We maintain a \textbf{local depth} for each bucket, effectively the number of bits needed to hash an item here.
We also maintain a \textbf{global depth} for the directory which is the number of bits used in indexing items.
We can use these values to determine when to split the directory.
\begin{itemize}
    \item   If overflow occurs in a bucket where the local depth = global depth, then split the bucket, 
            redistribute its contents, and double the directory.
    \item   If overflow occurs in a bucket where the local depth < global depth, then split the bucket,
            redistribute its contents, and increase the local depth.
\end{itemize}

If the directory can fit in the memory, then the retrieval for point queries can be achieved with one disk read.

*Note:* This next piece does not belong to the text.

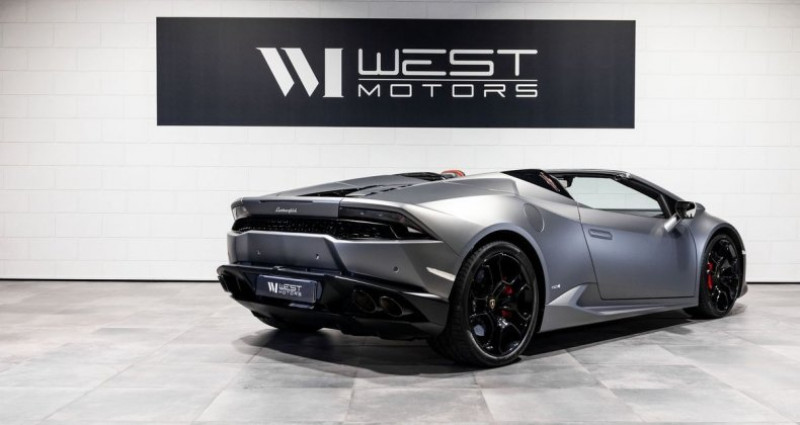 Lamborghini Huracan Spyder LP-610 4 5.2 V10 610 Ch Première main, Origine France Kilométrage : 44 239 km M.E.C : 26/09/2016 Options et équipements : - GRIGIO TITIAN MAT (Peinture sur demande Ad Personam) - Jantes Giano 20’’ peintes en noir brillante - Capote rouge - Sur-élévateur avant Lift - Système d’échappement sport en Noir - Frein carbone céramique - Étriers de freins rouges - Suspension magnétique - Aide au stationnement avant et arrière avec caméra de recul - Montant de pare-brise couleur carrosserie - Rétroviseurs peints couleur carrosserie - Rétroviseurs anti-éblouissement automatique - Régulateur de vitesse - Direction active LDS - Alarme - Intérieur cuir alcantara noir et rouge - Sièges confort réglables électriquement - Sièges chauffants - Volant multifonction en alcantara avec surpiqures contrastantes rouge demande Ad Personam) - Garniture de pavillon et montant en alcantara - Tableau de bord en cuir Nero Ade avec surpiqures contrastantes rouge (Sur demande Ad Personam) - Monogrammes Lamborghini les sièges en (Sur demande Ad Personam) - Panneaux de portes en alcantara - Navigation Prix de vente : 217 900€ Offre de location en crédit ballon possible à partir de 1410,93 € / mois pendant 48 mois avec 50 000 € d’apport (plus d’informations sur demande) Véhicule garantie 12 mois valable dans le réseau Lamborghini en France et en Europe. Plus de photos sur demande. - - - - - - - - - - - - - - INFORMATIONS - - - - - - - - - - - - - WEST MOTORS - LYON - MOUGINS Achat et vente de véhicules sports et premium Nous vous proposons un large choix de véhicules haut de gamme, que nous prenons soin de faire contrôler rigoureusement. L’équipe West Motors met à votre disposition tout son savoir-faire pour vous satisfaire. Nous vous proposons différentes solutions de financement (crédit classique, leasing, LOA, crédit ballon…). De la reprise de votre ancien véhicule au financement de votre nouveau projet, nous nous occupons de tout. Pour chaque véhicule, nous vous garantissons le kilométrage et sommes en mesure de vous fournir un historique complet et transparent. Nous vous offrons également différentes possibilités d'extension de garantie de 6, 12 ou 24 mois (garantie valable chez tous les concessionnaires de la marque en France et partout en Europe). Ayez l’esprit tranquille, nous sommes agréés et habilités par la Préfecture pour établir votre nouvelle carte grise. N’hésitez pas à nous rendre visite ! Notre showroom, situé à seulement 10 min de Lyon, est accessible uniquement sur rendez-vous. Vous n’êtes pas de la région ? Nous pouvons venir vous chercher directement en gare ou à l’aéroport. Autres modèles : 458 992 488 f12 812 f8 r8 *Annonce non contractuelle, sous réserve d’erreur de notre part* OPTIONS ET ÉQUIPEMENTS : Autres équipements et informations : - - GRIGIO TITIAN MAT (Peinture sur demande Ad Personam) - Jantes Giano 20’’ peintes en noir brillante - Capote rouge - Sur-élévateur avant Lift - Système d’échappement sport en Noir - Frein carbone céramique - Étriers de freins rouges - Suspension magnétique - Aide au stationnement avant et arrière avec caméra de recul - Montant de pare-brise couleur carrosserie - Rétroviseurs peints couleur carrosserie - Rétroviseurs anti-éblouissement automatique - Régulateur de vitesse - Direction active LDS - Ala - - Intérieur cuir alcantara noir et rouge - Sièges confort réglables électriquement - Sièges chauffants - Volant multifonction en alcantara avec surpiqures contrastantes rouge demande Ad Personam) - Garniture de pavillon et montant en alcantara - Tableau de bord en cuir Nero Ade avec surpiqures contrastantes rouge (Sur demande Ad Personam) - Monogrammes Lamborghini les sièges en (Sur demande Ad Personam) - Panneaux de portes en alcantara - Navigation

\subsection{Linear Hashing}
\textbf{Linear hashing} is another approach to indexing to a dynamic file.
It is similar to dynamic hashing in that a family of hash functions are used ($h = K \text{mod} 2^i$), but
differs in that no index is needed.
Initially, we create a file of $M$ buckets; $K \text{mod} M^1$ is a suitable hash function.
We will use a family of such functions $K \text{mod} (2^i \times M), i = 0$ initially.
We can view the hashing as comprising of a sequence of phases: for phase $j$, the hash functions
$K \text{mod} 2^i \times M$ \& $K \text{mod} 2^{j+1} \times M$ are used.
\\\\
We \textbf{split a bucket} by redistributing the records into two buckets: the original one \& a new one.
In phase $j$, to determine which ones go into the original while the others go into the new one, we use 
$H_{j+1}(K) = K \text{mod} 2^{j+1} \times M$ to calculate their address.
Irrespective of the bucket which causes the overflow, we always split the next bucket in a \textbf{linear order}.
We begin with bucket 0, and keep track of which bucket to split next $p$.
At the end of a phase when $p$ is equal to the number of buckets present at the start of the phrase, we reset $p$
and a new phase begins ($j$ is incremented).

\section{Joins}
Many approaches \& algorithms can be used to do \textbf{joins}.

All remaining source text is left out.